SOURCE MATERIAL:
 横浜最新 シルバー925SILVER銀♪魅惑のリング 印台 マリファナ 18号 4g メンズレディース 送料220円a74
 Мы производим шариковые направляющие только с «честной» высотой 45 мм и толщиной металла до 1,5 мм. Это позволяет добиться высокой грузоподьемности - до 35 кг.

* * *

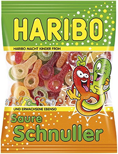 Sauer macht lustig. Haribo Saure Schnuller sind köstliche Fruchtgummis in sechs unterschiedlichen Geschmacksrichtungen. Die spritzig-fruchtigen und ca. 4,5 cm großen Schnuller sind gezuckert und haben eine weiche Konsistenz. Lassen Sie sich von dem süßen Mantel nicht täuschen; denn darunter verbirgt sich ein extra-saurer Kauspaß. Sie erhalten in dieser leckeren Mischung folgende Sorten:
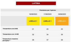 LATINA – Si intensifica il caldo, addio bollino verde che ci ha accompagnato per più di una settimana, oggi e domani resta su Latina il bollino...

--

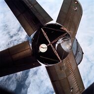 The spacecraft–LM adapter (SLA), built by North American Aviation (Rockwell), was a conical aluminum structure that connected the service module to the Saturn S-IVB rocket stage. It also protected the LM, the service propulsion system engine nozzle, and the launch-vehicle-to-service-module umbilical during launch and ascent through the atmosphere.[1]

PROBLEM STATEMENT: From the entries above, write out only the lines starting at the line that holds "横浜最新 シルバー925SILVER銀♪魅惑のリング 印台" and ending at the line that holds "Мы производим шариковые", keeping both and matching them exactly.

ANSWER BOX:
 横浜最新 シルバー925SILVER銀♪魅惑のリング 印台 マリファナ 18号 4g メンズレディース 送料220円a74
 Мы производим шариковые направляющие только с «честной» высотой 45 мм и толщиной металла до 1,5 мм. Это позволяет добиться высокой грузоподьемности - до 35 кг.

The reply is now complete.